She nods, staring straight ahead at a crooked poster about folic acid. Her hands are folded neatly in her lap. She’s twisting the hem of her sleeve around one finger.
“Nora…” I start.
But the nurse calls her name.
We both stand.
She doesn’t wait for me—but I follow.
In the exam room, it’s quiet again. The paper on the exam table crinkles as she sits. She lifts her sweater, revealing smooth, flat skin—nothing to see yet, but everything has already changed.
It knocks the air out of me.
It’s real.
It’shappening.
I keep my eyes on the ultrasound machine instead of the woman lying on the table just a few feet away.
Nora.
She’s staring at the ceiling, trying to act calm, but I know her well enough to see the strain in the way her fingers twist in her lap. She’s trying to hold herself together. I don’t let myself feel anything about that.
The nurse hums as she applies the gel to Nora’s stomach. Too chipper. Too normal. Like this is just another Thursday and not a scene from a life I didn’t ask to be dragged into.
“You’re around seven weeks now,” she says. “We might be able to hear the heartbeat.”
Heartbeat.
The word knocks something loose in my chest.
I tighten my arms around myself.
The Doppler clicks on. There’s a fizz of static. White noise. Then—
Thump-thump. Thump-thump. Thump-thump.
It’s faint at first.
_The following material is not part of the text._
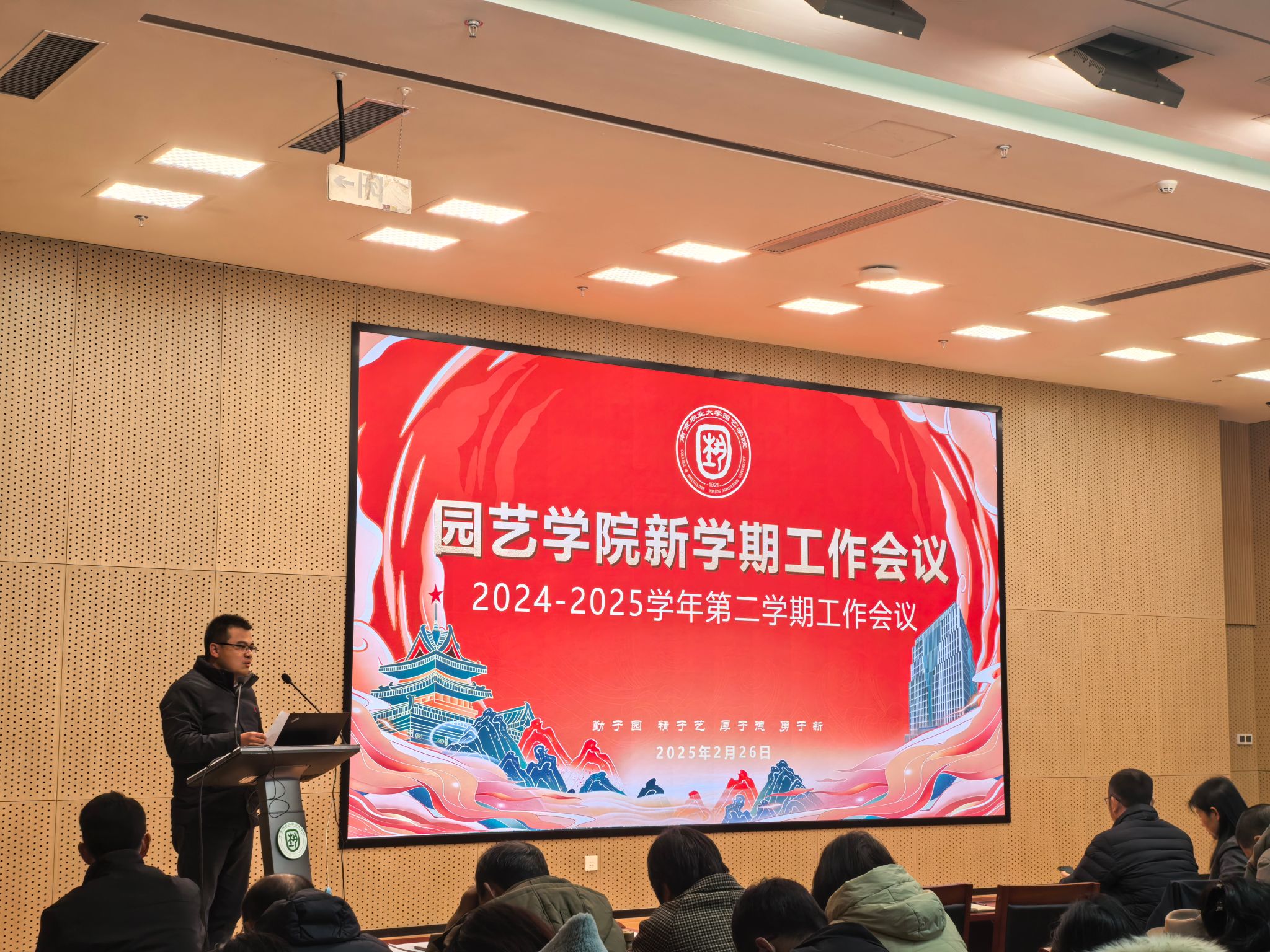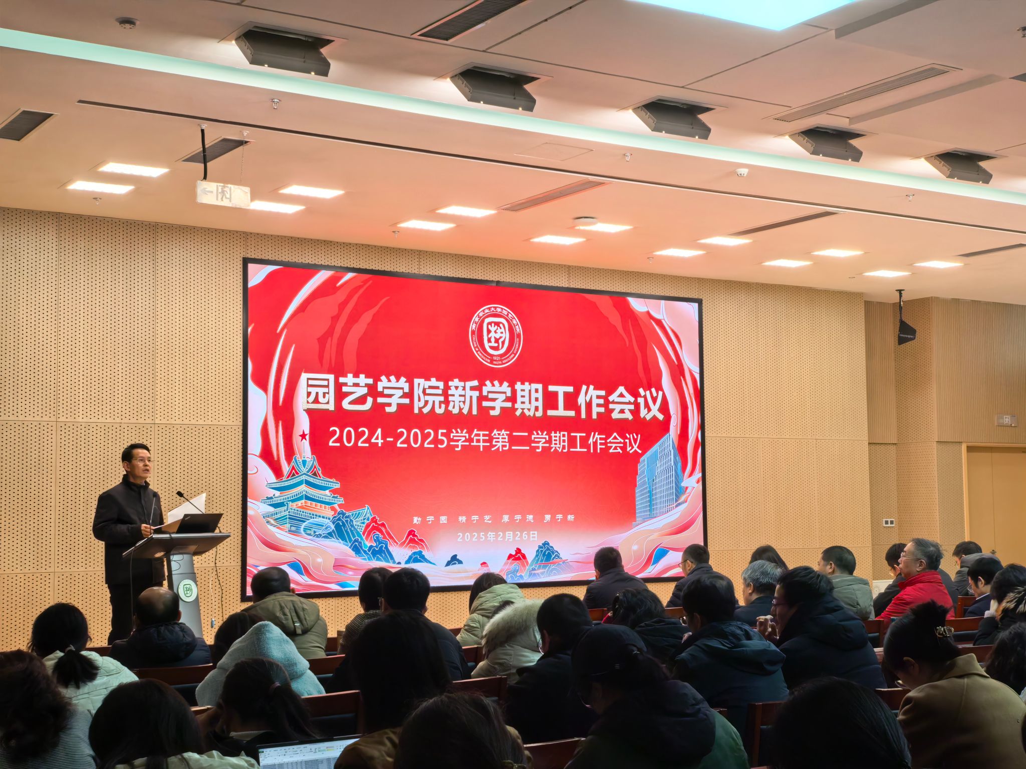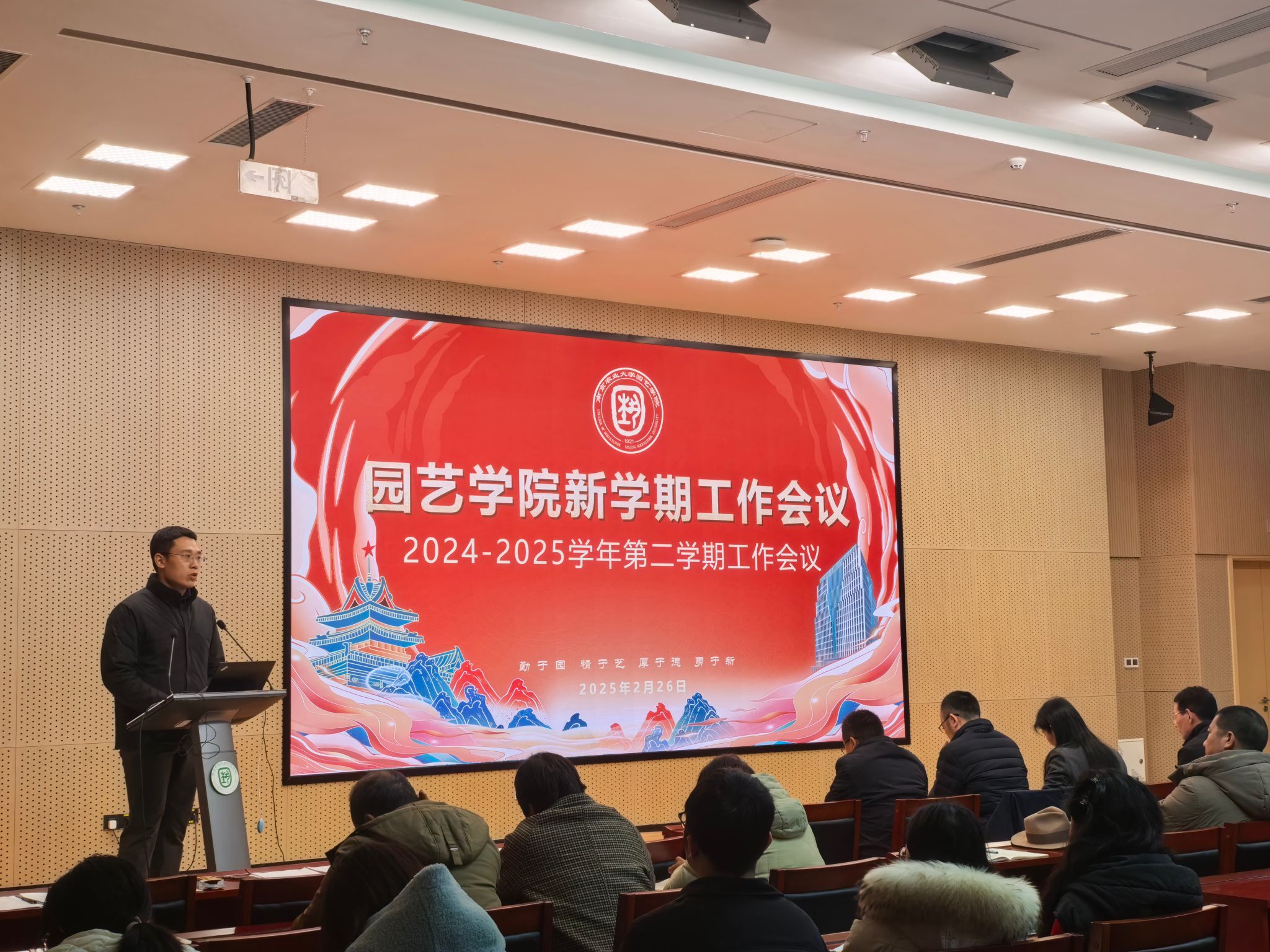 院长陈素梅作了题为《以新时代园艺精神推动高质量发展》报告。她回顾了2024年学院办学取得的丰硕成绩,逐一解读了本年度工作目标,强调了达成目标的重要性,提出了目标实现的路径举措。她强调,2025年,学院将围绕党建引领、人才培养、人事人才、学科建设、科技创新、学生工作、国际合作、社会服务、平台建设以及“安·和·美·富”工程等重点工作展开。她要求全院上下进一步坚定信心、锚定目标、思想同心、行动同步,再创佳绩。

Distant. Like it’s coming from inside a tunnel. Then louder. Sharper.
And fuck.
It’s real.
I don’t want it to hit me the way it does, but it does. That sound—fast and steady, like a runaway drumbeat—grabs me by the spine and doesn’t let go.
“That’s your baby,” the nurse says, and suddenly the room feels too small.
I glance at Nora.
She’s already looking at me.
And for the first time in weeks, there’s no anger in her face. No confusion. Just something open and unbearably soft. She looks at me like she’s trying to memorize the moment. Like she knows it might be the last one we share that isn’t poisoned.
And God help me, part of me wants to freeze this. Hold onto it. Pretend nothing’s broken.
But it is.
Still, I can’t stop staring at her. I don’t even realize I’m standing until I’m on my feet.